You can restore the Replica node intermittent backup data onto a parallel system to run analytics and find errors.

Prerequisites

Procedure

  1. Clone your deployment environment.
  2. Pause all the Replica nodes at the same checkpoint from the operator container and check the status periodically until all the Replica nodes' status is true.

    Any blockchain node or nodes in state transfer or down for other reasons cause the wedge status command to return false.
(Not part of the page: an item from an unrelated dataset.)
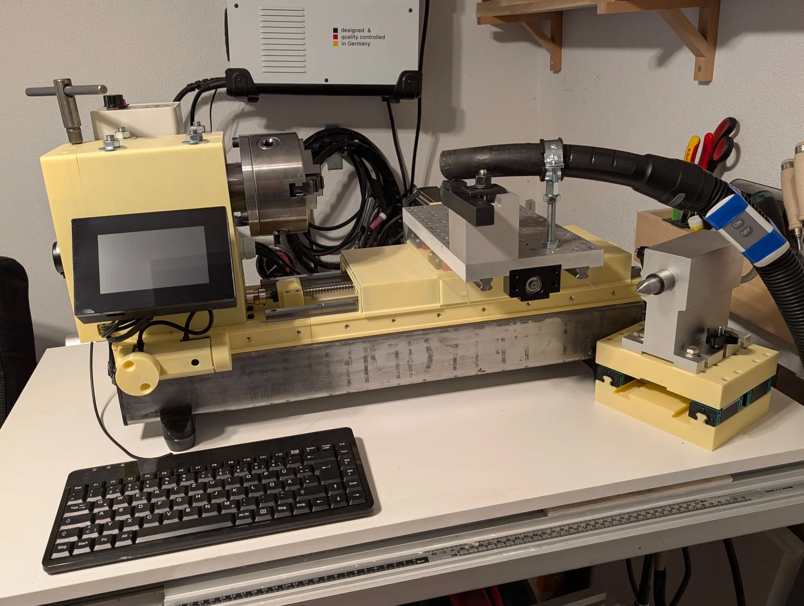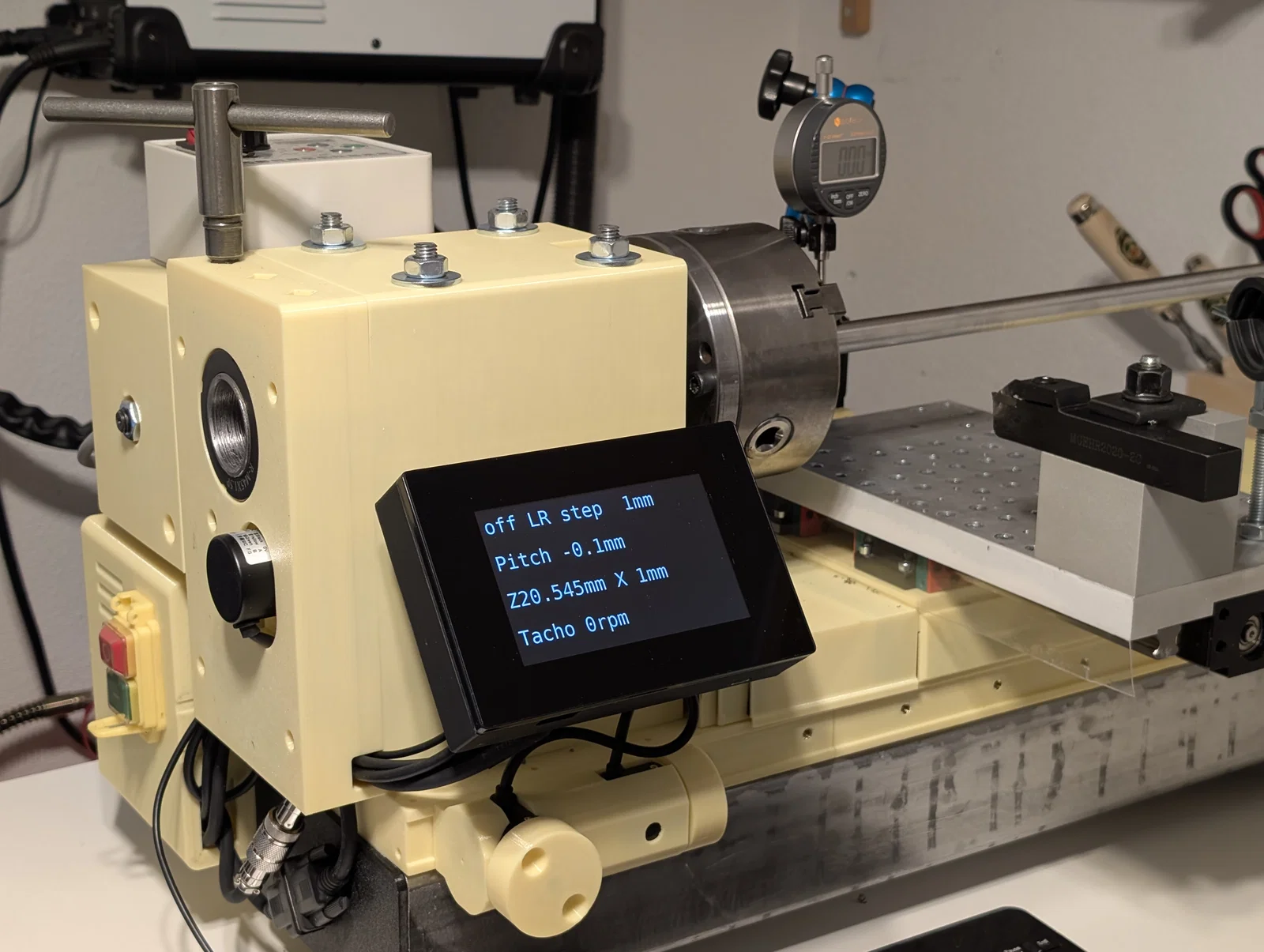 Máy tiện mini để bàn dạng lắp ráp, mã nguồn mở, cho phép gia công kim loại, gỗ và nhựa.

The wedge status command returns true when state transfer completes and all Replica nodes are healthy, allowing all Replica nodes to stop at the same checkpoint successfully.
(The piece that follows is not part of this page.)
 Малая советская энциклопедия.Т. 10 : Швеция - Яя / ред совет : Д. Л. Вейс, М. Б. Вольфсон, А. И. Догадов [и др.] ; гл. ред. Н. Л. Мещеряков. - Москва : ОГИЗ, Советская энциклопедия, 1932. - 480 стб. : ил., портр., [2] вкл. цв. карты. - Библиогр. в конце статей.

    Wedge command might take some time to complete. The metrics dashboards indicate nodes that have stopped processing blocks as they have been wedged. If you notice a false report in the dashboard, contact the VMware Blockchain support to diagnose the Replica nodes experiencing the problem.

    sudo docker exec -it operator sh -c './concop wedge stop' {"succ":true} 
    sudo docker exec -it operator sh -c './concop wedge status' {"192.168.100.107":true,"192.168.100.108":true,"192.168.100.109":true,"192.168.100.110":true} 
  3. Sanitize the Replica nodes.
    sudo docker run -it --entrypoint="" --mount type=bind,source=/mnt/data/rocksdbdata,target=/concord/rocksdbdata <image_name> /concord/kv_blockchain_db_editor /concord/rocksdbdata removeMetadata
     
    #On each concord container where the data is being sanitized sudo rm /config/concord/config-generated/gen*

    The <image_name> is the Concord-core image name in the blockchain.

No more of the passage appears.